Sadly, the seers were rather ordinary – no gypsey scarves fringed with coin – just frumpy little old ladies who would not look out of place at the bingo or a CWA meeting.
Only one of the psychics had pizazz.
Claude was a weary old man of a theatrical bent, notable mainly for his exuberant boyish mop of hennaed orange hair. He was a ho-mo-sex-U-arhl, as he announced occasionally to startled old ladies. Claude never spoke. He always announced. No tea leaves or crystal ball for him. He divined one’s destiny by way of a battered deck of ordinary playing cards. But who cared? A fate foretold with such delightful Shakespearian cadence was surely unquestionable.
Who knows what life he led before fate hastened him up those stairs to proffer reassurance of the future for the price of a silver coin to supplement his pension? Few in those days documented the life of the ho-mo-sex-U-arhl other than clerks of courts.
Fortitude Valley corruption: The Whiskey Au Go Go Firebombing
At the time I arrived in the Valley, corruption was not openly on view. A few years before, fifteen people died in the firebombing of the Whiskey Au Go Go nightclub on the corner of St. Paul’s Terrace and Amelia Street.
The Whiskey burned down after weeks of newspaper articles about Sydney standover men, extortion rackets and gangland violence. Two other Valley premises burned down in the months previous, club managers found their cars fire-bombed and venue owners posted armed guards.
The day following the crime, Police Commissioner Whitrod announced police had narrowed down the suspect list to a handful of people and were close to catching the killer.
He also mentioned their inquiries into people associated with the club.
“Police,” he said, “knew one former staff member as a supplier of drugs to young people, an embezzler, and a homosexual.”
That person left town soon after. Over the years, he burned too many bridges – or paid to have them burned. He only returned to Brisbane once the Fitzgerald Inquiry kept many of his former business competitors otherwise occupied.
Another gay angle
Commissioner Whitrod never made mention of another gay angle the police followed up.

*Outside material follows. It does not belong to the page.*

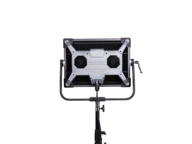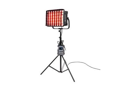 Mit spezieller Lichtmischtechnologie und optischer Linse vor jeder LED zur gleichmäßigen, sehr hellen Ausleuchtung (28630 Lux in 1 m Entfernung bei 5600 Kelvin) mit sehr hoher Farbwiedergabequalität. Bietet die Beleuchtungsarten weißes Licht mit variabler Farbtemperatur 2700 - 12000 Kelvin und Grün-/Magenta-Korrektur sowie farbiges Licht durch Auswahl aus dem Farbspektrum oder durch additive Farbmischung oder Auswahl von XY-Koordinaten aus der CIE-Normfarbtafel oder durch Verwendung vordefinierter Farbfilter/Gel-Filter. Besondere, individuell anpassbare Spezialeffekte. Dimmbar. Komplette Einstellungen können gespeichert und bei Bedarf wieder abgerufen werden. Bedienung über separate Steuereinheit mit großem Farbdisplay oder Fernsteuerung über Bluetooth, Funk, DMX/RDM oder LumenRadio CRMX. Schutzklasse IP55. Montagebügel. Abschaltbares, mehrstufiges Kühlgebläse. Netzbetrieb oder Akkubetrieb.

Apparently a witness remembered three drag queens leaving the Whiskey twenty minutes before the fire erupted. So, the Queensland Police, never adverse at that time to a bit of poofter-bashing, took the opportunity for some sport. They dragged various local drag queens and transwomen into the watchhouse to ‘help with their inquiries’. Three of the local girls, after being stripped naked, bashed and humiliated at the watchhouse, took off to Townsville for a couple of years.

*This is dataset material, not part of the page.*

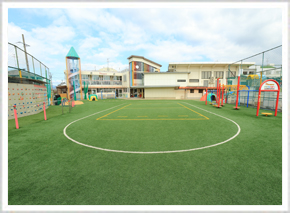 園庭に広がるハイブリッドターフ(人工芝)時には裸足で駆け回り、お天気のいい日はゴロゴロと寝転がる、ドッチボールコートやけんけんぱのラインも書かれている広々とした運動遊びスペースです。

Tina, a local drag queen bartender, who famously went home at the end of each shift to her wife and kids, copped the worst of it. The police held a gun to her head and pulled the trigger. Fortunately, the gun contained no bullets. However, this went on for hours. Traumatised by the experience, she packed up the wife and kids and moved to Sydney. There she ran first Tina’s Bar and later Tina Louise’s.

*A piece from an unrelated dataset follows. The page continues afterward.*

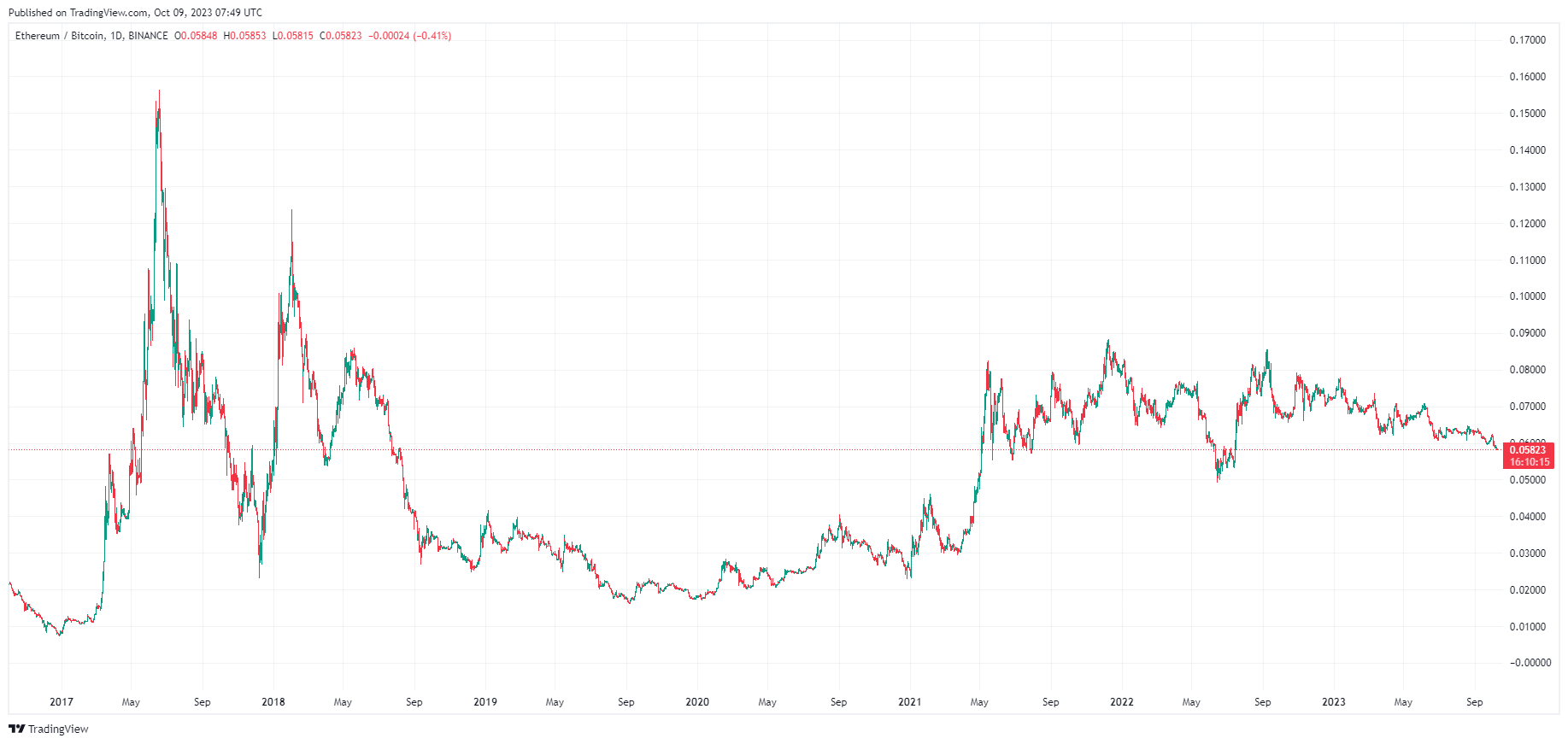Händler preisten das Debüt dementsprechend negativ ein. Das Verhältnis zwischen Ether und Bitcoin (ETH/BTC) wird aktuell auf Niveaus gehandelt, die seit Sommer 2022 vor dem lang erwarteten Merge nicht mehr erreicht wurden. Dies geht mit einem sinkenden Risikoappetit einher, der sich oft in einem tieferen ETH/BTC-Verhältnis äussert.

It is unlikely the police genuinely suspected the drag queens and transwomen. They simply needed to show themselves occupied by a rigorous investigation while they decided how to resolve the situation without causing damage to themselves.
Who was responsible?
Despite ongoing controversy, there is little doubt the two men jailed for the crime, lit the fire. However, the identity of the person who paid the arsonists supposedly remains elusive. That is quite honestly bullshit. A perusal of Matthew Condon’s superb trilogy on crime and corruption in Queensland will leave the reader in no doubt what occurred. A read of Geoff Plunkett’s The Whiskey Au Go Go Massacre, Murder, Arson and the Crime of the Century will also prove illuminating.
I suspect, and hope, we will one day have the opportunity to read a further volume from Matthew Condon on that horrendous event.
After the commotion caused by the Whiskey firebombing, the crims and corrupt cops laid low for a while and things were still fairly discreet in 1976. Of course, as we all know, it would not stay that way.